Se tenía la impresión de que el paso del buen gusto al mal gusto podía ser imprevisible y verificarse en cualquier momento, de manera tal que el seguidor del proceso debía mantenerse atento a los sospechosos edictos de los medios, para no incurrir en una falta que podía ser sancionada por el ridículo.
Victoria Ocampo
Cuando Victoria Ocampo asiste en 1913 al estreno del ballet Le Sacré du Printemps de Igor Stravinski en Paris, interrumpido por el abucheo sistemático de los asistentes, presencia un quiebre histórico. Por un lado estaban los artistas de vanguardia (músicos, bailarines, pintores) que daban la espalda al buen gusto consagrado, en nombre de una nueva estética, mientras que por el otro lado estaba el público culto, que para su disgusto (dados sus hábitos de gente civilizada, respetuosa de los buenos modales) quedaba expuesto como torpe y anticuado.

A partir de entonces, se volvió habitual el divorcio entre una cultura designada como alta o ilustrada, desde que Mathew Arnold introdujo en Culture and Anarchy la noción (en su ensayo de fines del siglo XIX) y una cultura condenada como baja, que se correspondía sobre todo, pero no exclusivamente, con la cultura popular. ¿Podía ser satisfactoria esta dicotomía? Una voz tan respetada como la del poeta T.S. Eliot proponía liquidar cualquier barrera en Notes Towards the Definition of Culture, y su obra heterogénea (culta y coloquial al mismo tiempo) desafiaba desde mucho antes cualquier intento de ubicarla en un mundo u otro.

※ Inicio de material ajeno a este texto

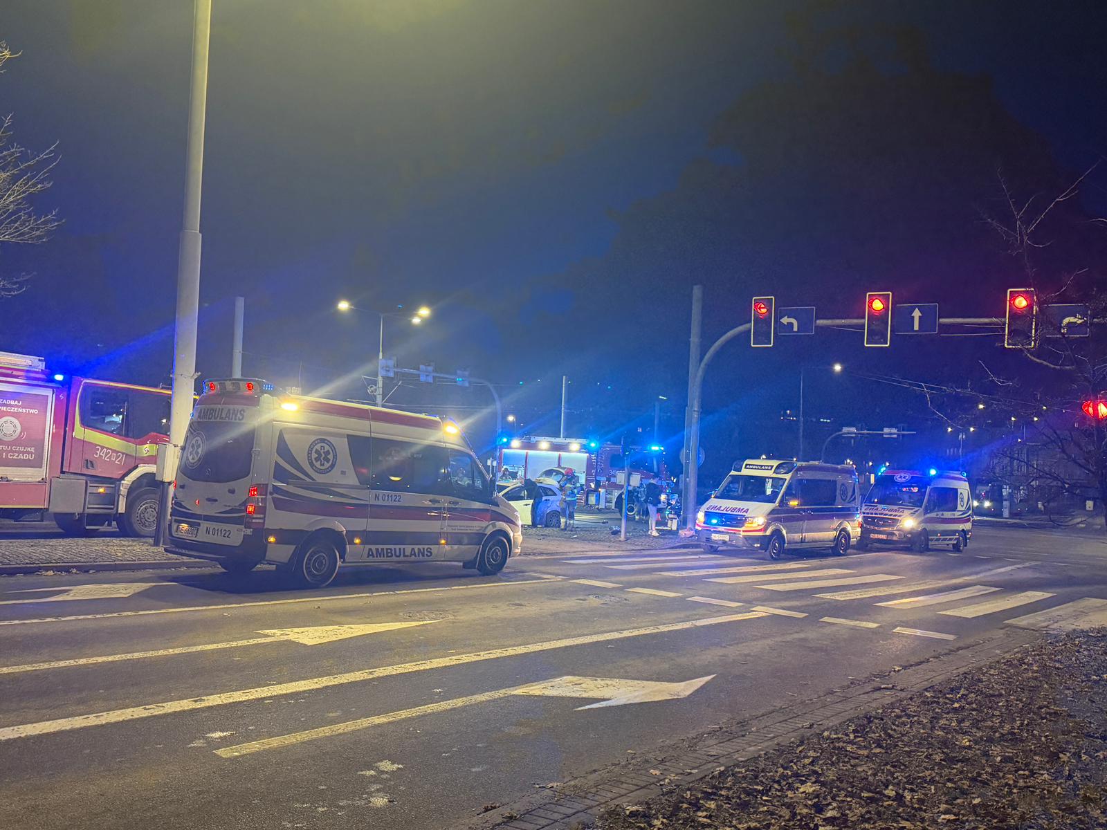 Trzy osoby, w tym dziecko, trafiły do szpitala po zderzeniu dwóch samochodów osobowych w Elblągu. Skrzyżowanie jest zablokowane, a na miejscu pracują służby.

“Avant-garde” [vanguardia] era aquello que verdaderamente estaba adelantado a su tiempo, mientras que “kitsch”, vocablo alemán que significa basura, representa, en un contexto cultural, lo chillón y lo decorativo. (…) Dentro del contexto americano, [Clement] Greenberg denominaba al arte comercial popular, como las cintas de Busby Berkeley o las muñecas cursi. (Daniel Bell: La contradicciones culturales de la modernidad)

Busby Berkeley
En el ámbito de la cultura tradicional, a cuyos estertores me tocó asistir durante la segunda mitad del siglo XX, el buen gusto se formaba gracias a la frecuentación (como consumidor o patrocinador) de la música culta, de la cocina francesa, de las bellas artes y las letras. No era un proceso rápido, ni tampoco libre de enfrentamientos, por conflictos no resueltos, y frecuentes retrocesos o arrepentimientos. Requería impregnarse lentamente del buen gusto. Quizás hubiera que pagar “un derecho de piso” mientras tanto: quedarse en silencio, evitar pronunciarse sobre nada, aceptar lo que decidieran los conocedores. El parvenu, el recién llegado, el advenedizo que pretendiera incorporarse demasiado rápido al ámbito del buen gusto, sería ridiculizado por las inevitables fallas que inevitablemente cometería.
El buen gusto era el residuo que dejaba la alternativa de haber sido expuesto temprana, oportuna y constantemente a lo que se identificaba como las manifestaciones más altas de la sensibilidad humana. No hacía falta mayor esfuerzo ni un sistema, en ese aprendizaje que ocurría fuera de las instituciones educativas, casi siempre en el seno de la familia y a medida que avanzaba el siglo, cada vez más a través de los medios. Bastaba con aprovechar las oportunidades que se iban dando para desarrollarlo o atrofiarlo. Por eso, ciertos ambientes se consideraban propicios y otros adversos para adquirir el buen gusto.